Here's the product ID and URL form key value ( Such as "1024600:goods3"), Will word frequency ( goods ID Number of occurrences ) As value, The advantage of this is that you can take advantage of MapReduce The frame comes with Map End sort , Make a list of the word frequencies of the same words in the same document , Pass to Combine The process , The implementation is similar to WordCount The function of .
(2)Combine The process
after map Method after treatment ,Combine The process will key Same value value Value accumulation , Get the word frequency of a word in the document , As shown in the figure below . If you directly use the output shown in the following figure as Reduce Input to the process , stay Shuffle The process will face a problem : All records with the same word ( By word 、URL And word frequency ) It should be handed over to the same Reducer Handle , But the current key Value does not guarantee this , So we have to modify key Values and value value . This time, put the word ( goods ID) As key value ,URL And word frequency value value ( Such as "goods3:1").
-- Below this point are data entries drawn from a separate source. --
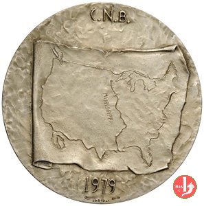 CN 200° Costantino Beltrami 1979 Dritto: COSTANTINO BELTRAMI busto a sx sovrapposto a vela e a cascata del Missisipi sotto: 1799 • 1855 sotto il busto: S. LOCATELLI planimetria su cartiglo dell'America del Nord in esergo: 1979 in basso: LORIOLI | |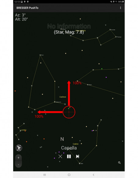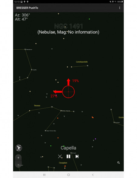 _x000D_ The simple operation and minimal setup make this high-quality reflector telescope a great choice for beginners. Just download the BRESSER PushTo Navigation Smart App, quickly initialize the telescope, and your current viewing direction will appear with a crosshair on your mobile device’s star map. This is made possible by the telescope’s built-in sensors and a Bluetooth connection to your device. And for easy manual adjustment, slip clutches are installed in both axes.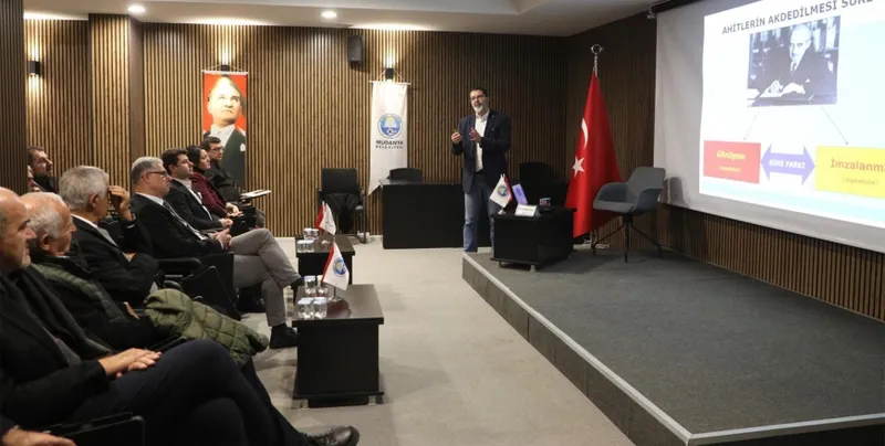 Törenin ardından, Bursa Uludağ Üniversitesi Uluslararası İlişkiler Bölümü Öğretim Üyesi Prof. Dr. Barış Özdal bir söyleşi gerçekleştirdi. "İsmet İnönü'nün Başbakanlık ve Cumhurbaşkanlığı Dönemlerinin Karşılaştırılmalı Diplomatik Analizi" başlıklı söyleşide Özdal, İnönü'nün siyasi hayatındaki farklı dönemlere değindi. Mudanya'nın diplomasi tarihi açısından önemli bir lidere ev sahipliği yaptığını vurguladı.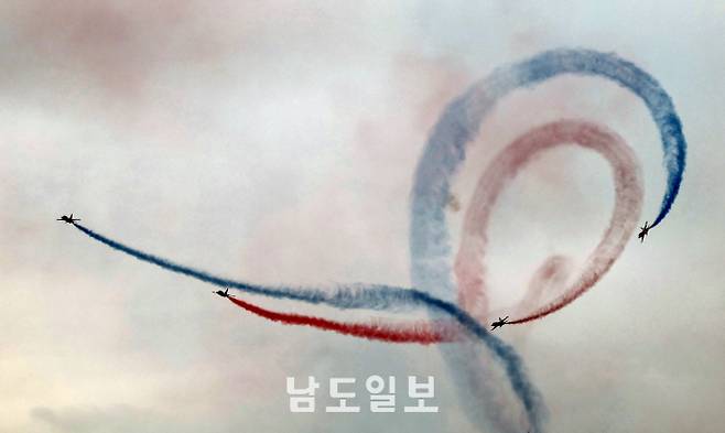블랙이글스의 멋진 에어쇼24일 광주광역시 광산구 공군 제1전투비행단에서 열린 '스페이스 챌린지 2025 in 광주'에서 공군 특수비행팀 블랙이글스가 곡예비행을 하고 있다. /임문철 기자 35mm@namdonews.com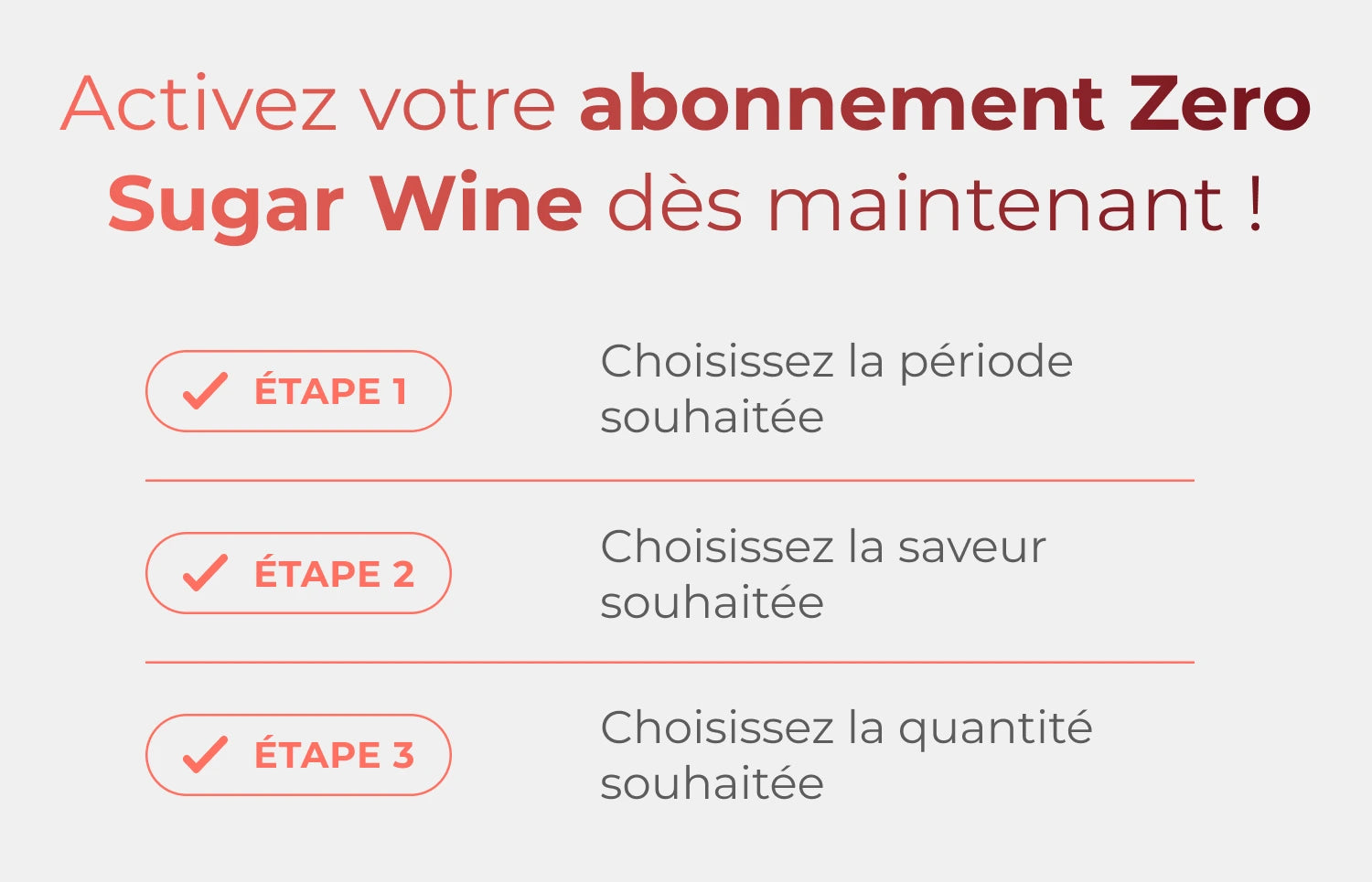 ✔️ Recevez automatiquement votre vin préféré de PURE Zero Sugar à domicile à l’intervalle souhaité.

The advantage of this is that you can take advantage of MapReduce Frame default HashPartitioner Class completion Shuffle The process , Send all records of the same word to the same Reducer To deal with .
(3)Reduce The process
After the above two processes ,Reduce The process only needs to be the same key All that's worth value The values are combined into the format required by the inverted index file , The rest can be handed over directly to MapReduce The framework deals with . As shown in the figure below
Code writing
Map Code
First, use the default TextInputFormat Class to process the input file , Get the offset of each line in the text and its content . obviously ,Map The process must first analyze the input <key,value> Yes , Get the three information needed in the inverted index : word 、 file URL And word frequency , There are two problems : First of all ,<key,value> Yes, there can only be two values , Without using Hadoop In the case of custom data types , Two of these values need to be combined into one value according to the situation , As key or value value . second , Through one Reduce The process cannot complete word frequency statistics and generate document list at the same time , So we must add one Combine Process complete word frequency statistics .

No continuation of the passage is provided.